This is only true if your original computation is correct, and if DAGCombine/Legalization doesn't create any nodes which are naturally divergent. Neither of those are safe assumptions, I think. DAGCombine and legalization will transform loads and stores, which could end up creating a naturally divergent node. And some divergent nodes will never be passed to SelectionDAGBuilder::setValue when you build the DAG, due to the way SelectionDAGBuilder handles values with illegal types. But I'm not sure that's a complete list of the issues with the current version, and there's no practical way to check without a verifier.

alex-t added a comment.EditedDec 21 2017, 11:40 PM

To start with, let's make sure that we're agreed on terms.
Divergent machine runs a set of threads (warp or wavefront) that execute same set of instructions in same order (SIMT).
Divergent operation operates on "vector" registers such that each register consists of many lanes - each thread operates on the data in corresponding lane.
From the above immediately follows that the only source of divergence is thread ID or any data that is derived from thread ID.
Usually it is a small set of target intrinsics that may be the source of such a data.

There are 2 reasons of operation to be divergent:

  1. It data-dependent on some divergent operation
%tid = call i64 get_global_id_x()  // source of divergence
%1 = add i64 %x, %tid                // data dependence on operand 1
%2 = shl i64 %1, 16                     // data dependence on operand 0
%gep = getelementptr i32, i32 addrspace(1) * %array, i64 %2   // data dependence on operand 1
%val = load i32, %gep                // data dependence on operand 0
  1. operation that is uniform itself but is control-dependent on the divergent branch:
int tid = get_global_id(0)

if (tid < n) {
  x = 1;               // no data-dependency on any divergent data
} else {
  x = 2;              // no data-dependency on any divergent data
}
y = x + 5;     // threads taking different branch-targets have different "y" value - operation is divergent ( it is vector addition on vector registers )

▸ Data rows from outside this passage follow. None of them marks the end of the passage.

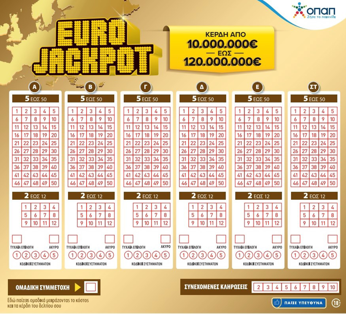 Ο ΟΠΑΠ, η κορυφαία εταιρεία τυχερών παιγνίων στην Ελλάδα και μία από τις πλέον καταξιωμένες στον κλάδο της παγκοσμίως, φέρνει στη χώρα μας το Eurojackpot, το ευρωπαϊκό παιχνίδι που μοιράζει κέρδη έως και 120 εκατομμύρια ευρώ.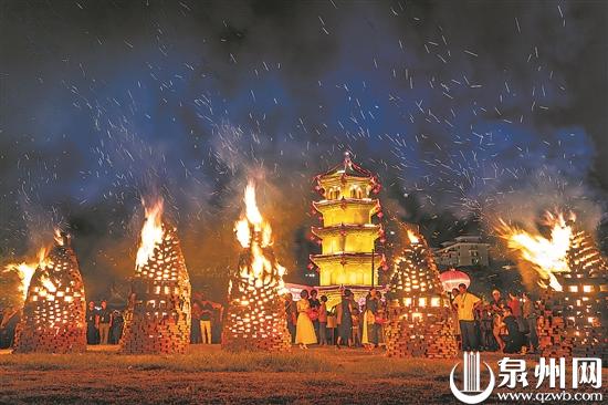 安海保留着中秋烧塔仔的传统民俗 (泉州晚报资料图片)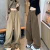 Pantalones casuales para mujer de franela de lana para hombre, moda, cintura alta, pierna ancha, pierna recta, culottes, otoño 2025 nuevo
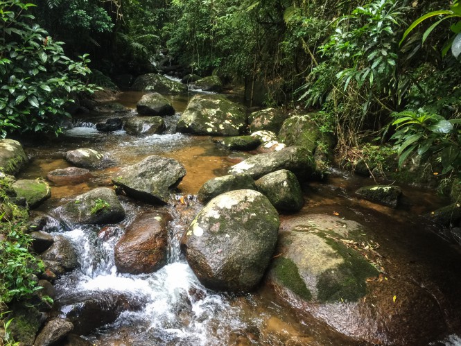 Mas logo descemos pois acaba a rua. Após uns 3km de pedal chegamos no Sertão da Quina, bairro com mais casas, ruas asfaltadas e sem muito verde, seguimos pela avenida principal com destino ao Sertão do Meio, onde ficam localizadas as cachoeiras, uma das mais famosas é a Cachoeira da Renata, alí existem vários estacionamentos e alguns bares.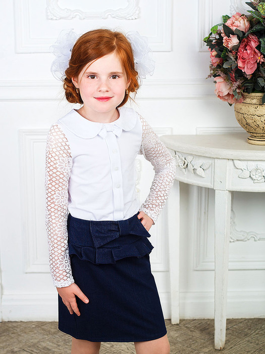 Блузка с закругленным  воротничком и бантом . Длинный рукав из гипюра .Рекомендована для школы.

Since the selection DAG only models data dependency the latter case is out of scope of this discussion.
The DAG is constructed, transformed and selected per block.

From the above follows that operation in the selection DAG only may be divergent if there is a path in the DAG from some divergent node to the current node.

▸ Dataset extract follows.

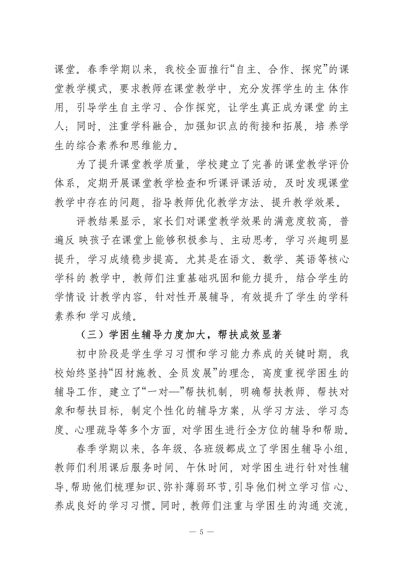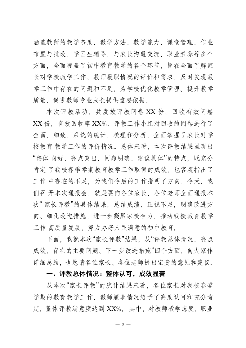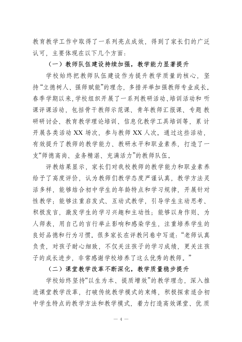 XX初中2026年春季学期“家长评教”结果通报会校长总结尊敬的各位家长、各位老师:大家下午好!春山可望,聚力前行;家校同心,共育花开。今天,我们齐聚XX初中,隆重召开2026年春季学期“家长评教”结果通报会。首先,我谨代表学校全体师生,向在百忙之中抽出时间莅临本次会议的各位家长,表示最热烈的欢迎和最衷心的感谢!向辛勤耕耘在教学一线、默默奉献的全体教职工,致以最诚挚的敬意和最亲切的问候!教育是一场双向奔赴的旅程,家庭是孩子成长的第一课堂,学校是孩子成长的重要阵地,而家长评教,正是搭建家校沟通桥梁、凝聚教育合力、优化教学质量、促进学校发展的重要举措。本次春季学期“家长评教”活动,自启动以来,得到了各位家长的高度重视和积极参与,大家本着客观公正、实事求是的原则,认真填写评教问卷,积极反馈意见建议,为学校的教育教学工作建言献策,充分体现了各位家长对学校工作的关心、支持与信任。在此,我再次向每一位参与评教的家长,致以最衷心的感谢!本次“家长评教”活动,学校精心策划、周密部署,成立了以校领导班子为核心的评教工作小组,制定了科学合理、贴合初中教育实际的评教方案,明确了评教内容、评教流程和工作要求,确保评教工作公平、公正、公开、有序开展。评教内容1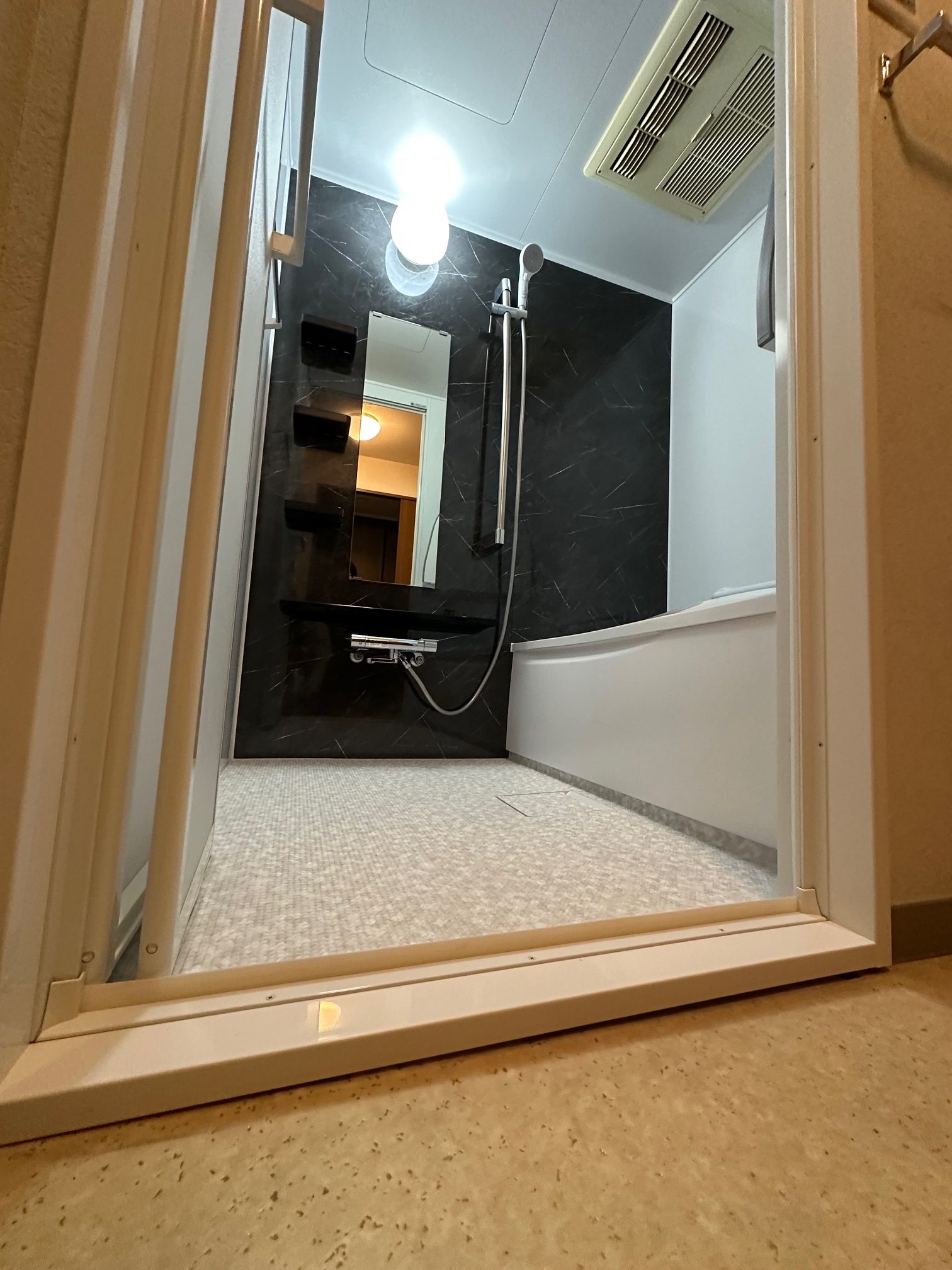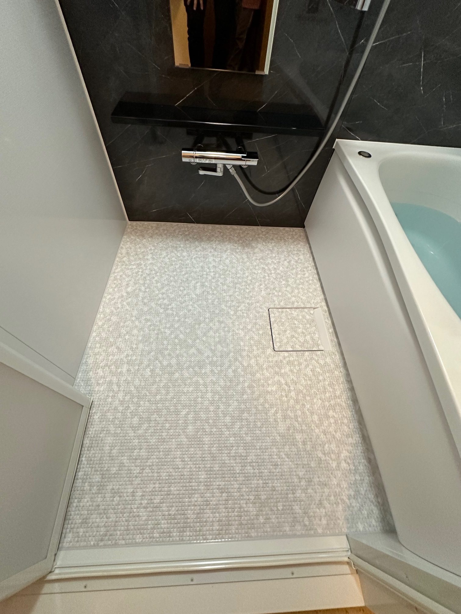| 工事詳細 | 浴室改修工事 ・周辺パネル:プリエホワイト ・アクセントパネル:マルキーナグレー ・浴槽:ゆるリラ浴槽(ホワイト) ・カウンター:ブラック ・床:ほっカラリ床(ホワイト ラグ調) ・換気扇:現状使用 |

Initially DAG is constructed by the walk of the IR (SelectionDAGBuilder) and models IR exactly. Thus the divergence property is kept unchanged.

Both DAG peephole optimizations (combiner) and operations/types legalization do not create the new edges in data dependence graph.
I mean that they match the pattern following the existing edges and then change it to some another sub-graph such that all incoming edges of the old subgraph become incoming edges of the new one and same for the outgoing.
Even if several incoming/outgoing are merged together it keeps data flow pattern.

This is only true if your original computation is correct, and if DAGCombine/Legalization doesn't create any nodes which are naturally divergent. Neither of those are safe assumptions, I think. DAGCombine and legalization will transform loads and stores, which could end up creating a naturally divergent node.

So, my question is: could you imagine even theoretical sensible transformation that convert the graph in such a way that uniform node will get divergent income?

And some divergent nodes will never be passed to SelectionDAGBuilder::setValue when you build the DAG, due to the way SelectionDAGBuilder handles values with illegal types. But I'm not sure that's a complete list of the issues with the current version, and there's no practical way to check without a verifier.

Even if it creates new DAG pattern it returns it's root that (because of CreateOperands) has correct divergence that will be passed to setValue. Or I did not understand what you meant?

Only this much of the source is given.